- [Dataset records]:
============================================================

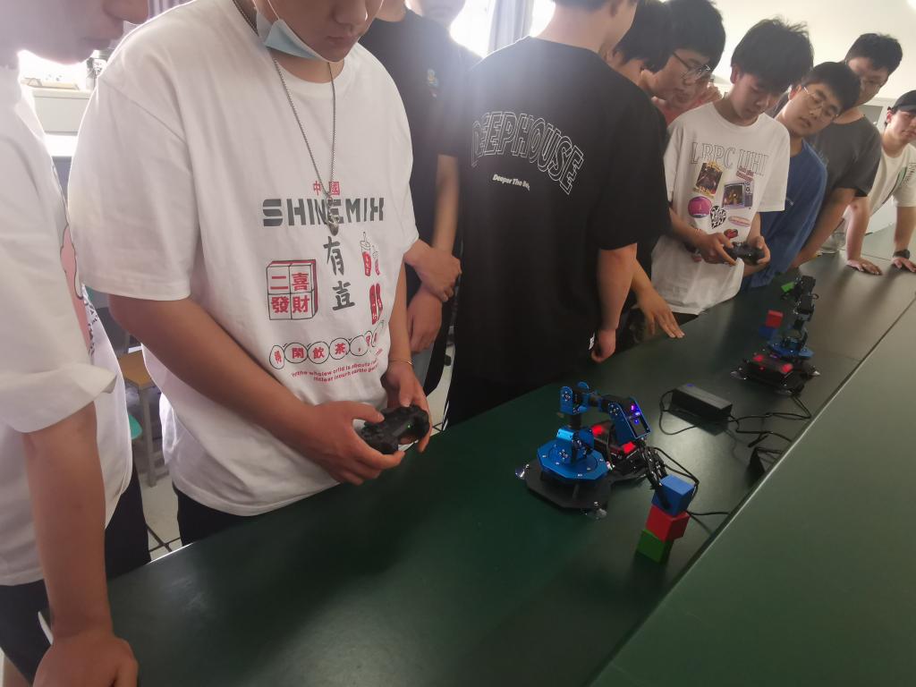 活动场所设置在实验楼S407实训室,智电学院电子自动化专业的同学分批参与了活动。现场通过宣讲、演示环节向同学们深入介绍了Xarm2.0系列智能机械手臂的组成、原理、控制策略、实际应用等知识。参与活动的同学通过双人对抗赛的形式,在现场进行交流互动。
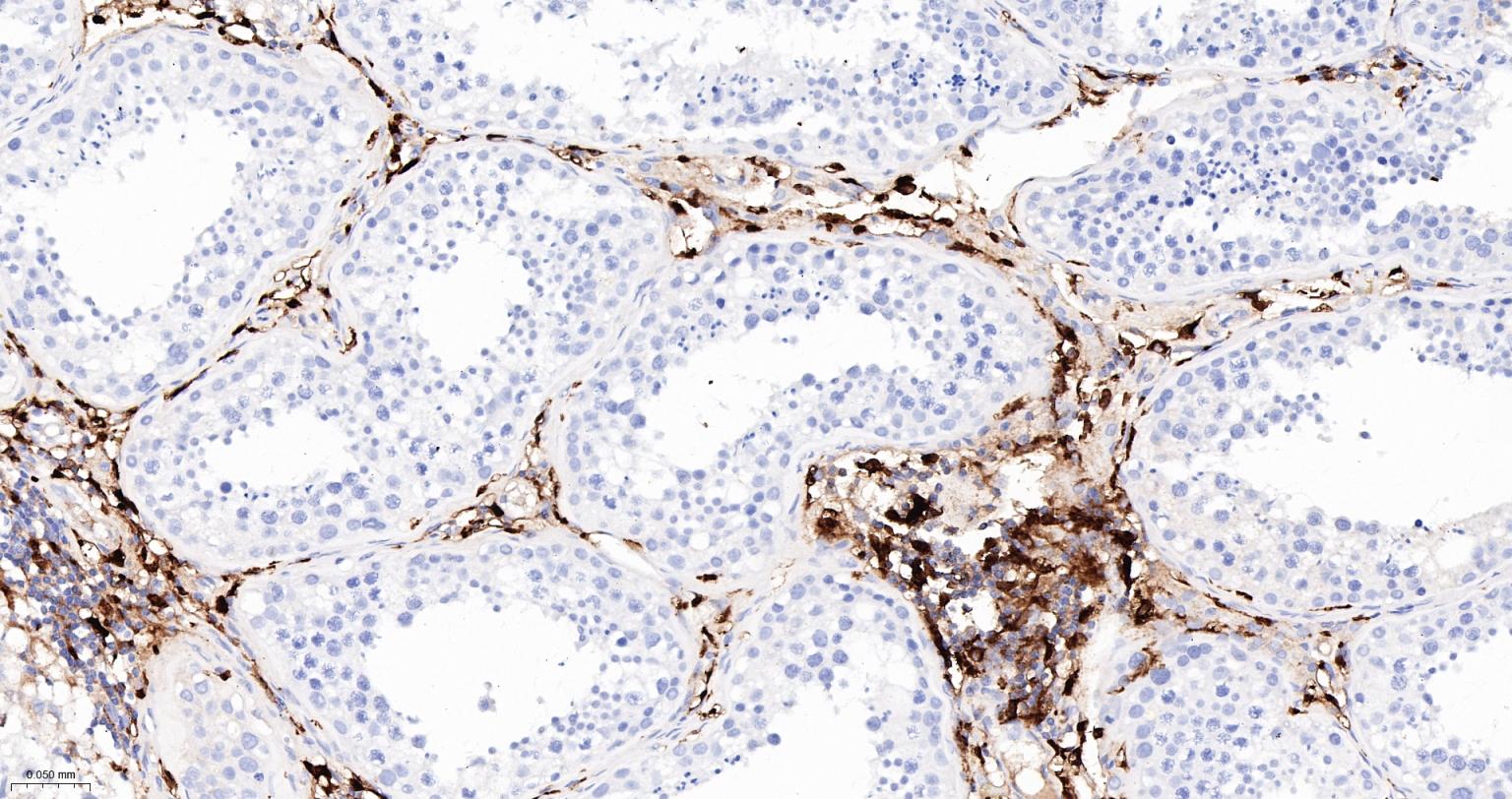 Paraformaldehyde-fixed, paraffin embedded Human Testicles; Antigen retrieval by boiling in sodium citrate buffer (pH6.0) for 15 min; The section was incubated with Coagulation factor XIII A Monoclonal Antibody, Unconjugated (bsm-61604R) at 1:200 overnight at 4°C, followed by conjugation to the bs-0295G-HRP and DAB (C-0010) staining.
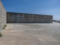 A clear sky day in Porto, Portugal, showcasing a concrete wall along the coastal open space. Ocean water meets the coastline, creating a serene beach atmosphere in Europe.
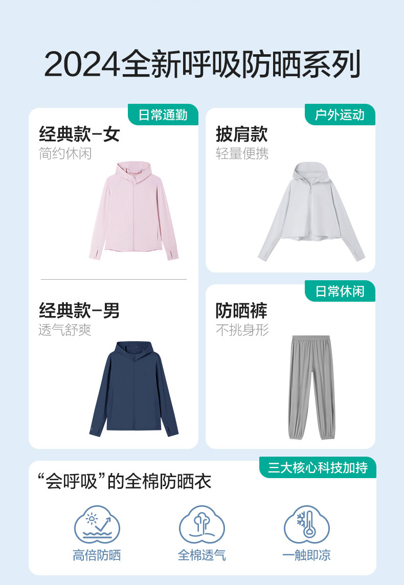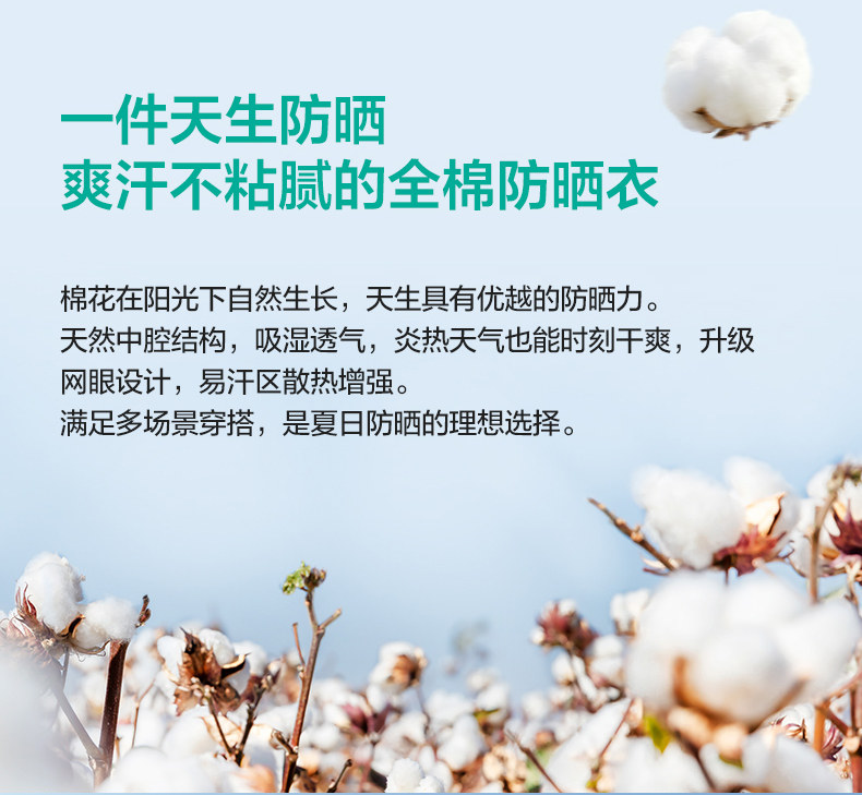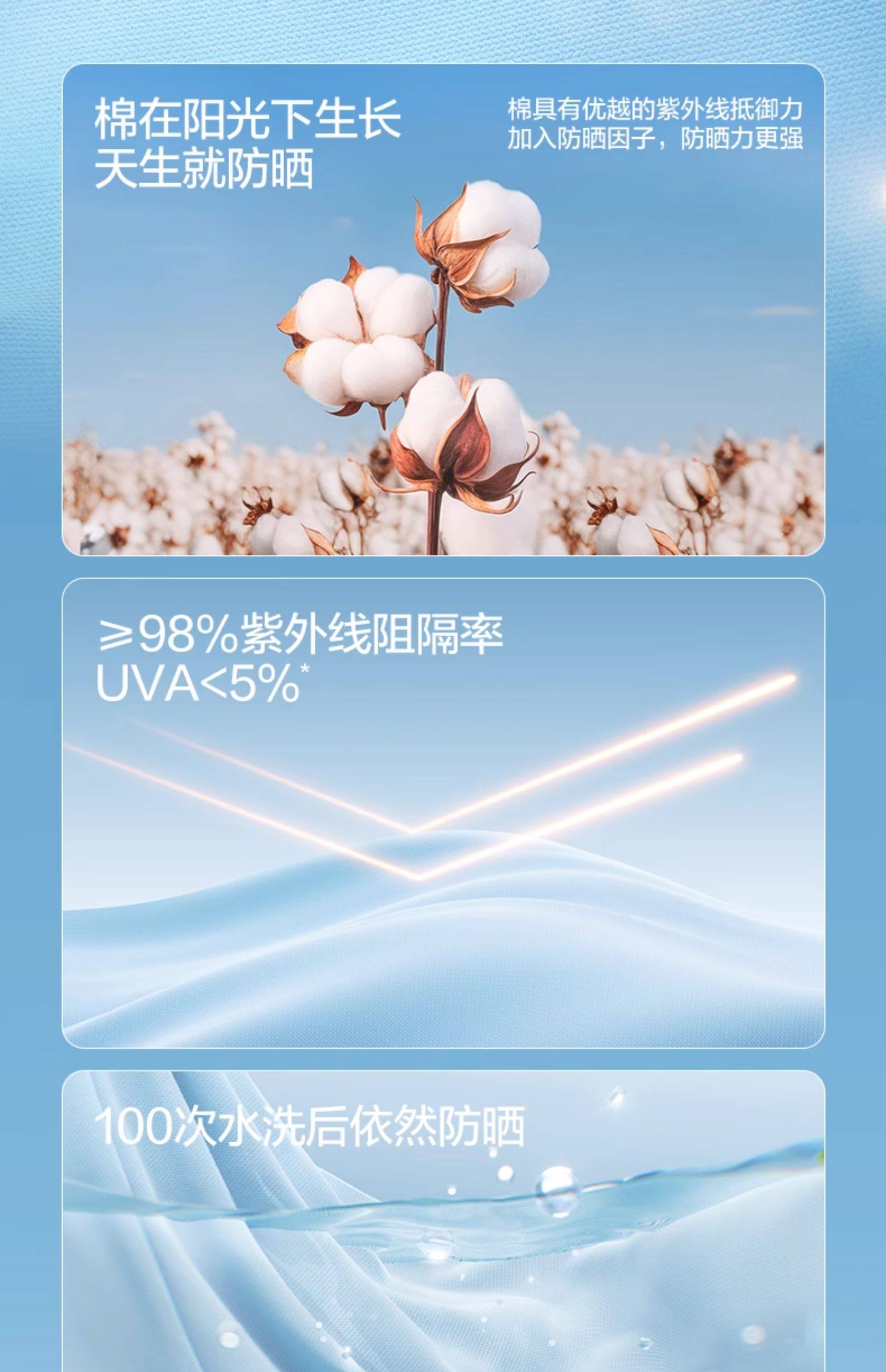 全棉時代男女士防曬衣UPF100+防紫外線抗菌透氣涼感防曬服皮膚衣
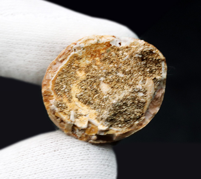 断面から撮影。非常に分厚く根本。モササウルスの歯化石は種類に関係なく、ほとんどが分厚い形をしています。周長7センチという厚み!
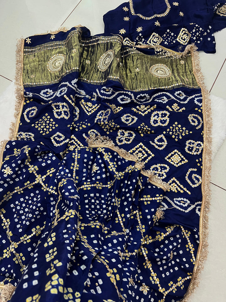 Make an opulent statement in our Exclusive Pure Modal Silk Bandhej Saree, drenched in a stunning Royal Blue hue and elevated with intricate Gotapatti & Zardozi handwork. A true masterpiece of artisanal finesse, this saree is paired with a matching running blouse, making it perfect for weddings, festivities, or grand celebrations. 💫🌸
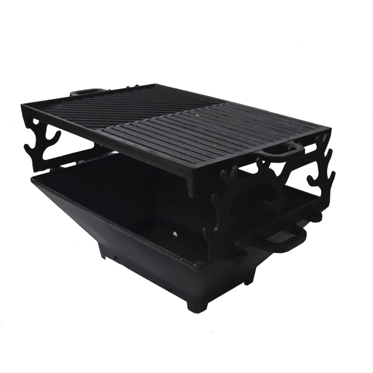 Com uma dupla grelha e chapa estriada, além de suportes para espetos, a churrasqueira retangular de ferro fundido é perfeita para um churrasco prático e delicioso em família ou entre amigos!
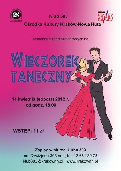 Klub 303 Orodka Kultury Krakw-Nowa Huta (os. Dywizjonu 303) zaprasza 14 kwietnia 2012 r. (sobota) o godz. 18.00 na wieczorek taneczny przy muzyce mechanicznej.
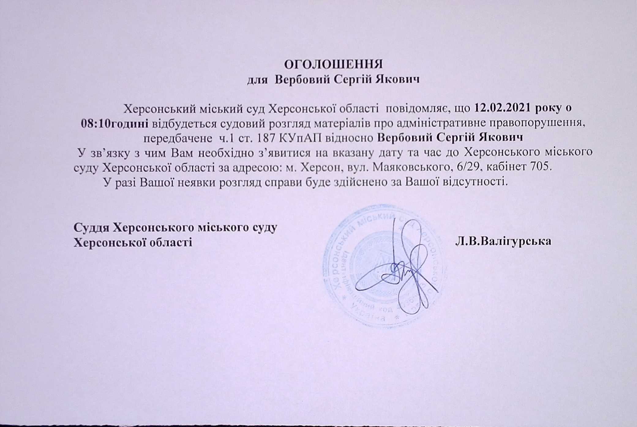 ОГОЛОШЕННЯ для Вербового Сергія Яковича
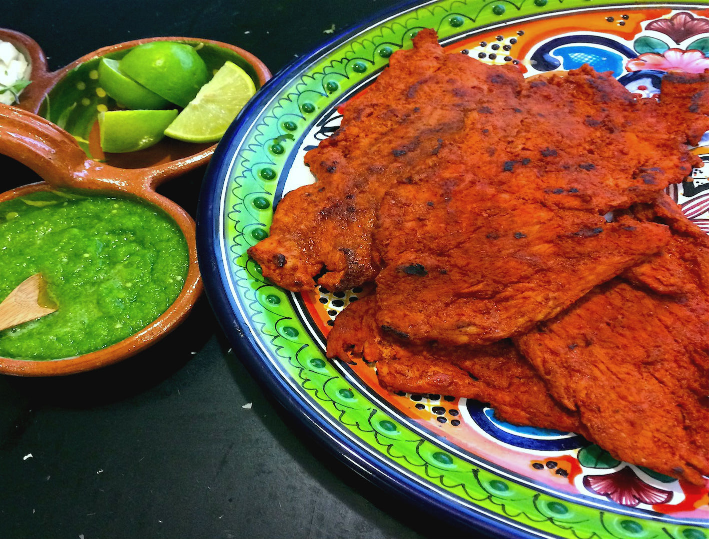 Carne de cerdo enchilada acompañada de 2 guarniciones a elegir.
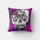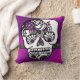 Cute pillow with reversible design. One side boasts beautiful purple and magenta pink ombre pattern behind a classic black and white sugar skull with henna tattoo inspired designs. Back side has grey and black pirate stripes. This pillow is: Full of sparkly fun. Cute. Girly. Versatile.
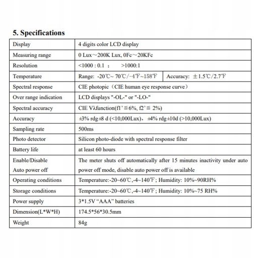 5. Wykonane z wysokiej jakości materiałów, mocne i trwałe, ma długą żywotność. Specyfikacja: Typ artykułu: Światłomierz

============================================================

- [What to work on]: Skip the pictures and quote each line of the entries above, from the first through the line with "Paraformaldehyde-fixed, paraffin embedded", exactly as it appears.

- [Completed task]:
 活动场所设置在实验楼S407实训室,智电学院电子自动化专业的同学分批参与了活动。现场通过宣讲、演示环节向同学们深入介绍了Xarm2.0系列智能机械手臂的组成、原理、控制策略、实际应用等知识。参与活动的同学通过双人对抗赛的形式,在现场进行交流互动。
 Paraformaldehyde-fixed, paraffin embedded Human Testicles; Antigen retrieval by boiling in sodium citrate buffer (pH6.0) for 15 min; The section was incubated with Coagulation factor XIII A Monoclonal Antibody, Unconjugated (bsm-61604R) at 1:200 overnight at 4°C, followed by conjugation to the bs-0295G-HRP and DAB (C-0010) staining.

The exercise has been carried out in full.